I went to go hear Barclay Capital's health care analysts Tony Butler and Ying Huang yesterday.
I won't go into their specific stock picks other than to say that they are cautiously optimistic on their group.
Big pharma offers good dividends, low valuations, but meager new drugs in the pipeline.
Biotech stocks traditionally trade on news of a new drug discovery, which by definition is basically defies traditional stock valuation work. Still, several biotech companies have some exciting new drugs in the testing phase, which could mean outsized returns if everything plays out.
What I wanted to mention today was their thoughts on the current debate in Washington on the fate of President Obama's health care plans.
The Supreme Court is not expected to announce their ruling on the legality of so-called Obamacare until June, but their decisions could have a wide-ranging impact on our society not to mention health care stocks.
While not necessarily endorsing their views, I thought I would share some of the comments that Messrs. Butler and Huang made yesterday:
Despite the fact that 80% of the pharmaceutical drugs sold in the United States are generics - compared to just 30% in Europe - US pharmaceutical companies still enjoy margins and profits that most industries could only dream about.
The pharmaceutical industry argues that the wide margins they make on branded drugs are necessary in order for them to fund very expensive research and development efforts.
The reason that Europeans use more branded drugs than generics is simple: European governments put a cap on what manufacturers can charge. Given the choice between a branded or generic drug, most would choose the branded if prices are essentially the same, which is the case in Europe.
However, the European price controls have lead European drug manufacturers to move much of their R&D efforts offshore, largely to the United States.
If Obamacare is struck down, it seems likely that the next step the government will take will be to try to impose some sort of price controls on pharmaceutical drugs. The rate of growth of health care costs in this country is simply too high.
It seems logical, then, that price controls in this country will lead to either drastic cutbacks in R&D efforts in the U.S., or possibly moving R&D efforts to other parts of the world such as Asia.
The effect on the valuations of the pharmaceutical stocks could be significant. The reason that European pharma sells at a significant discount to U.S. companies boils down to the superior R&D efforts at U.S. manufacturers.

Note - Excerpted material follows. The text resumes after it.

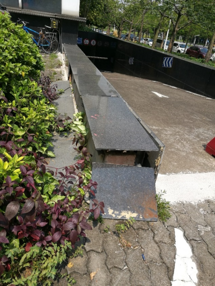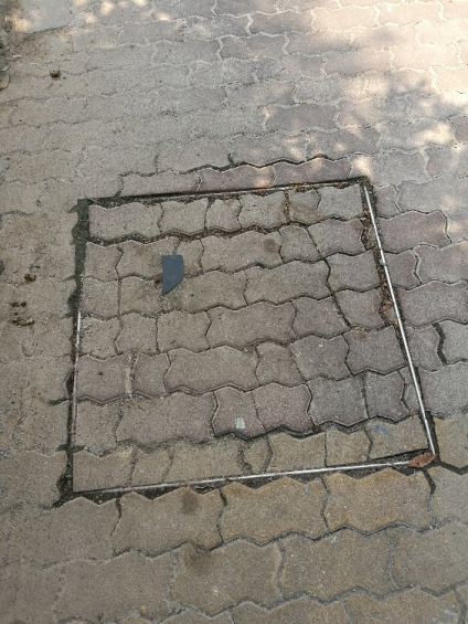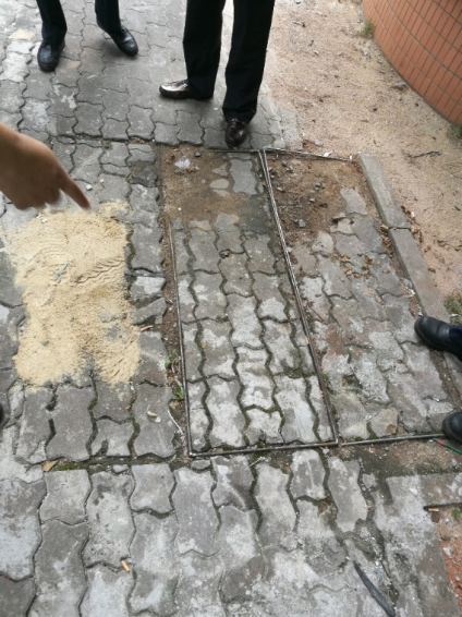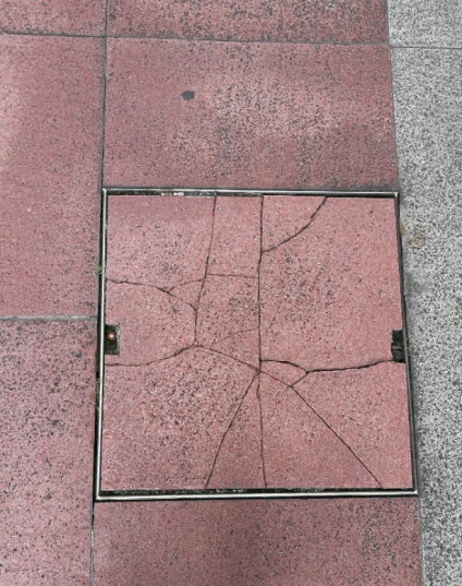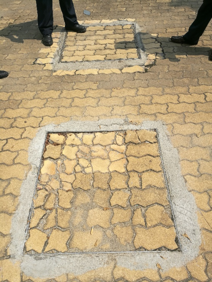 大学城信息枢纽楼广场地面已投入使用十年,出现广场砖及大理石损环,砂井盖上面有地砖,使用不方便,对砂井整体升高,露出井盖。

Absent a robust drug development effort, then, US pharma becomes nothing more than distributors, meaning serious declines from current valuation.
They also made the following points regarding health care providers:
If Obamacare is ruled unconstitutional, the US health care system is faced with the problem of how to deal with the large group of citizens that do not have health care insurance.
Bad debt expense is an enormous problem for most hospitals. At some large metropolitan hospitals, bad debts can run as high as 20% of revenues. This is not saying that the uninsured are deadbeats; no, it is simply that they do not have the funds to pay for medical treatment or insurance.
To put it bluntly: If Obamacare passes, it will be a huge benefit to hospitals, and to the hospital stocks that are publicly traded. On the other hand, HMO stocks will suffer, since their main advantage of lower costs goes away.
If Obamacare is struck down, hospitals are tanked, while HMO stocks soar.
Yesterday HMO stocks were among the best performers in the market on a generally down day. The market's verdict seems to be that the Supreme Court is leaning towards striking down Affordable Health Care Act.
It should be an interesting time between now and June, when the Supreme Court's decision is actually announced.